= Achaean Doric Greek =

Two dialects with this name

Achaean Doric Greek refers either to the Northwest Doric dialect spoken in Achaea, or the common dialect used in the decrees of the Achaean League during the Hellenistic period.

==Achaean Doric==
The Achaean Doric dialect spoken in Achaea in the NW Peloponnese, on the islands of Cephalonia and Zakynthos in the Ionian Sea and in the Achaean colonies of Magna Graecia in Southern Italy, including Sybaris and Crotone. This strict Doric dialect was later subject to the influence of mild Doric spoken in Corinthia.
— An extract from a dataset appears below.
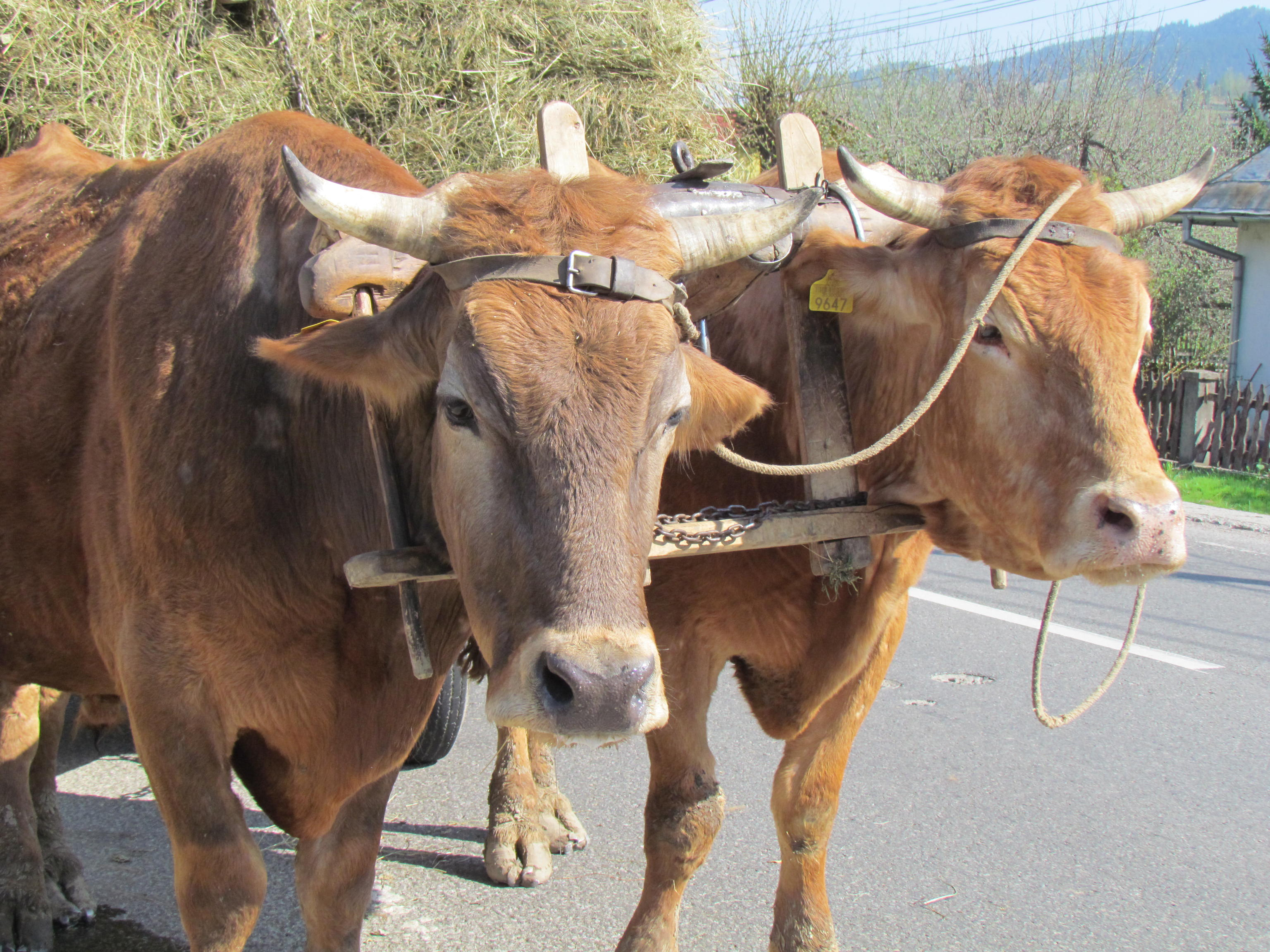 Harnessed team of oxen in Romania(Bruna de Maramureş breed), Romania.

It survived to 350 BC. According to Hesychius, Achaeans means "the Greeks but foremost those inhabiting part of the Peloponnese, called Achaea", and he gives these words under the ethnic Achaeans:
- καιρότερον kairoteron (Attic: ἐνωρότερον enôroteron) "earlier" (kairos time, enôros early cf. Horae)
- κεφαλίδας kephalidas (Attic: κόρσαι korsai) "sideburns" (kephalides was also an alternative for epalxeis 'bastions' in Greek proper)
- σιαλίς sialis (Attic: βλέννος blennos) (cf. blennorrhea) slime, mud (Greek sialon or sielon saliva, modern Greek σάλιο salio)

==Achaean Doric Koine==
Achaean Doric Koine was the common dialect used in the decrees of the Achaean League. In Arcadia it can be traced very easily because it differs considerably from the old non-Doric Arcadian Greek. In Achaea itself it held its ground until the 1st century BC. The Achaean Doric Koine did not develop the extreme features that are typical of Doric proper or Northwest Doric Koine.

==Sources==
- Geschichte der Sprachwissenschaften: ein Internationales Handbuch by Sylvain Auroux (2001), p. 442.
- A history of ancient Greek: from the beginnings to late antiquity by Anastasios-Phoivos Christidēs, Maria Arapopoulou (2007), p. 484. ISBN 978-0-521-83307-3.